The sill detail I chose is fairly common in Zimbabwe.  It uses special, small size clay bricks with a bullnose edge, sill bricks in fact.  I modelled whatever is visible from the outside, to a reasonable degree of accuracy, and filled in the hidden detail with drafting.  Classic BIM methodology.



A short aside.  Many of you will be familiar with the ribbon glitch that has been with us for some time now.  While making a sweep and clicking on "edit profile", the buttons you want disappear.  You'll see a greenish tab at the back, click this to restore normality.  I'm assuming this is a rogue behaviour that is difficult to track down in all the lines of code.  That's better than believing that the factory can't be bothered to fix it.  While working on this study, I noticed that this problem only occurs when working in plan view.  If you're working in section/elevation everything works fine.  Curiouser and curiouser.
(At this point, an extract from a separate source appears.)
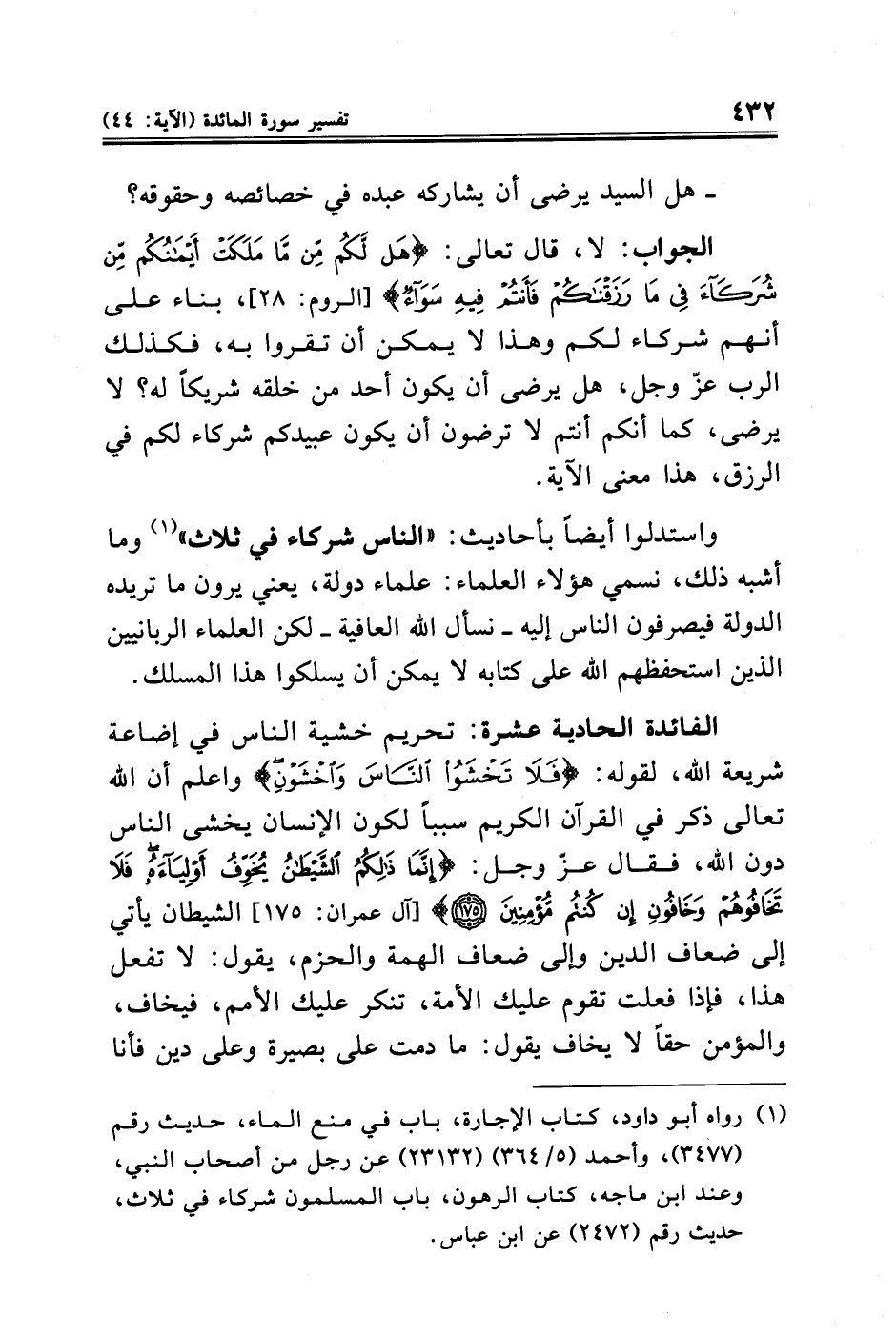الفائدة الحادية عشرة: تحريم خشية الناس في إضاعة شريعة الله، لقوله: {فَلَا تَخْشَوُا النَّاسَ وَاخْشَوْنِ} واعلم أن الله تعالى ذكر في القرآن الكريم سببًا لكون الإنسان يخشى الناس دون الله، فقال عزّ وجل: {إِنَّمَا ذَلِكُمُ الشَّيْطَانُ يُخَوِّفُ أَوْلِيَاءَهُ فَلَا تَخَافُوهُمْ وَخَافُونِ إِنْ كُنْتُمْ مُؤْمِنِينَ (١٧٥)} [آل عمران: ١٧٥] الشيطان يأتي إلى ضعاف الدين وإلى ضعاف الهمة والحزم، يقول: لا تفعل هذا، فإذا فعلت تقوم عليك الأمة، تنكر عليك الأمم، فيخاف، والمؤمن حقًّا لا يخاف يقول: ما دمت على بصيرة وعلى دين فأنا

More benefits of the BIM pencil: throwing views on to sheets.  This always draws a gasp of amazement when teaching newbies, and rightly so.  I've said it before, but Revit is my favourite DTP software ... but it could be even more favouriter, if only they would add some extra DTP features with each new release (hint to the factory)  By the way, see how I am adding subtleties of expression by bending/breaking the rules of language.  We all do this, all the time ... but if you're a secret language pedant, you just block it out and pretend that language is strictly logical.  Duhh !!!



And so to the end of my post. (no verb in that sentence, nor in this one actually)  I rounded it off by assembling a window with side-hung, top-hung and fixed panes.  It's a standard type from the catalogues but it's not fully parametric & the opening is still separate from the glazed frame.  Still it serves my current purpose amirably: fit for purpose, the golden rule.
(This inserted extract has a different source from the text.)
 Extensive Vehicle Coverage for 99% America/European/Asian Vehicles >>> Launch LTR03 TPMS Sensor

I have a couple of images of the hinge family that I made, so I'll throw those in to finish off.  Timber sashes and standard steel windows, that covers the types of building I lived in for most of my life.  So I guess aluminium sliders are next, that's what I've had for the last 10 years, here in the middle east.



 

Wednesday, January 22, 2014

STEEL & GLASS

Steel takes an edge.  For centuries it was the material of tools and weapons: carpentry, warfare & agriculture.

I grew up in South Yorkshire while it was still a land of coal and steel. For most of my twenties I lived in Sheffield, birthplace of crucible steel, and later the of the Bessemer process.  By 1850 steel had become the material of bridges, machines, railways.  Cast iron predated steel for structural use in buildings, notably in "fire-proof" factory construction.  Cast iron columns carried beams similar to railway lines in section, with brick jack-arches spanning between the beam

 
5 or 6 years ago I photographed some of the famous cast-iron facades in Soho, New York.  These were an early example of prefabrication: modular facades created in the factory and assembled on site.  It's interesting to note that behind the decorative/structural cast iron there are often timber sliding-sash windows.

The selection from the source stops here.